Handicapping Your Elite MBA Odds

HBS Guru Sandy Kreisberg & P&Q Editor John A. Byrne

After a three-year stint at Bain & Co., this 25-year-old Indian male professional is leading he launch of a drink at a beverage startup. With a 730 GMAT and a short-term goal to return to Bain as a manager, he now wants to return to school for an MBA.

When she applies next year to business school, this Oxford graduate will have three years of experience as an equity research analyst for a bulge bracket American bank in London. She won a promotion to associate a year early, is actively involved with a choir and a local taekwondo club. Her goal: To earn an MBA from Harvard, Stanford or Wharton.

After earning an undergraduate degree in cello performance, this young professional gained his first job in the Atlanta mailroom of a Big Four accounting firm and worked his way into a consulting gig with its healthcare practice.

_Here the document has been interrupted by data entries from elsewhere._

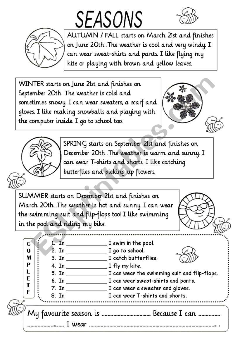 SEASONS READING COMPREHENSION ESL Worksheet By Natysalda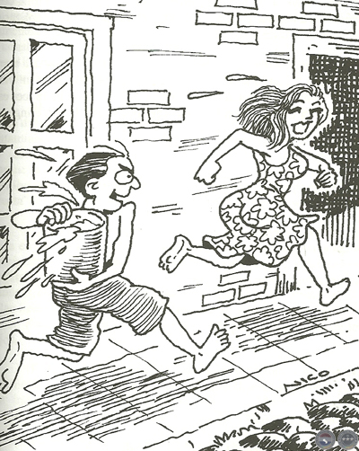 Fue en los carnavales de 1923, en plena revolución chirifista. Un edicto policial restringía las celebraciones, aun cuando autorizaba el juego con agua en horas de la siesta, con el que nos divertíamos grandes y chicos. Como el agua era mezquina y se mezquinaba, más aún en el rigor del verano, los muchachitos de mi barrio acostumbrábamos a desplazarnos, cada cual con su jarro de lata, hacia el "artesiano", una fuente pública situada en la pendiente de la calle Ayolas, la que sigo suponiendo que era naciente del arroyo Jaén, en el que, según las crónicas, recalaron las naves de la conquista. Allí había agua abundante y muchachas, que iban por ella, a quienes empapar.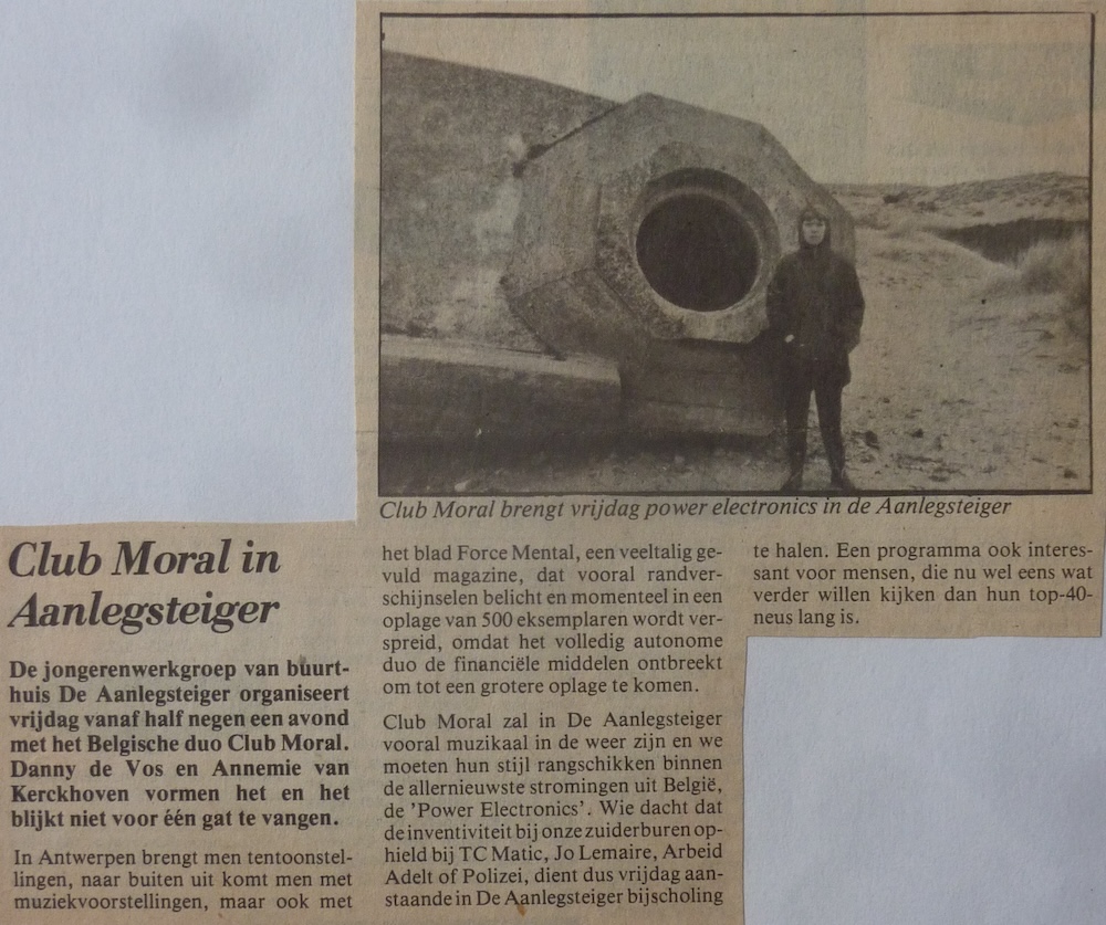 De jongerenwerkgroep van buurthuis De Aanlegsteiger organiseert vrijdag vanaf half negen een avond met het Belgische duo Club Moral. Danny de Vos en Annemie van Kerckhoven vormen het en het blijkt niet voor één gat te vangen. In Antwerpen brengt men tentoonstellingen, naar buiten uit komt men met muziekvoorstellingen, maar ook met het blad Force Mental, een veeltalig gevuld magazine, dat vooral randverschijnselen belicht en momenteel in een oplage van 500 eksemplaren wordt verspreid, omdat het volledig autonome duo de financiële middelen ontbreekt om tot een grotere oplage te komen. Club Moral zal in De Aanlegsteiger vooral muzikaal in de weer zijn en we moeten hun stijl rangschikken binnen de allernieuwste stromingen uit België, de 'Power Electronics'. Wie dacht dat de inventiviteit bij onze zuiderburen ophield bij TC Matic, Jo Lemaire, Arbeid Adelt of Polizei, dient dus vrijdag aanstaande in De Aanlegsteiger bijscholing te halen. Een programma ook interessant voor mensen, die nu wel eens wat verder willen kijken dan hun top-40neus lang is.

Now he wants some formal business training along with a deeper healthcare dive in a dual MBA and master’s in public health program.

What these three MBA candidates and more share in common is the desire to get through the door of a highly selective MBA program at one of the world’s very best business schools. Do they have a chance?

Sanford “Sandy” Kreisberg, founder of MBA admissions consulting firm HBSGuru.com, is back to analyze these and a few other profiles of actual MBA applicants who have shared their vital statistics, work backgrounds, and career goals with Poets&Quants.

As usual, Kreisberg handicaps each potential applicant’s odds of getting into a top-ranked business school. If you include your own stats and characteristics in the comments, we’ll pick a few more and have Kreisberg assess your chances in a follow-up feature to be published shortly. (Please add your age and be clear on the sequence of your jobs in relaying work experience. Make sure you let us know your current job.)

Mr. Cello-Playing Healthcare Consultant

  • 160Q, 163V GRE
  • 3.5 GPA
  • Undergraduate degree in cello performance from Temple
  • Work experience includes a stint as a professional cellist; worked way up from the Atlanta mailroom of a Big Four firm and transitioned into healthcare consulting at the Big Four; consulted on the Ebola and Zika virus, the opiod epidemic, healthcare provider preparedness
  • Extracurricular involvement includes playing cello in college for the symphony and doing pro bono work in healthcare
  • Goal: To return to Big Four in the healthcare practice in a managerial role
  • Considering a dual degree with a master’s in healthcare or public health along with an MBA

Odds of Success:

Yale: 30% to 40%
Cornell: 40%
University of Washington: 50%
Emory: 50%

Sandy’s Analysis: From a hard headed admissions point of view, you are a real Big Four healthcare consultant. And you’re a likeable guy. You have a story with a life-changing breakthrough, moving out of the mailroom and into a consulting job. You get promoted and are one of the top performers at the firm.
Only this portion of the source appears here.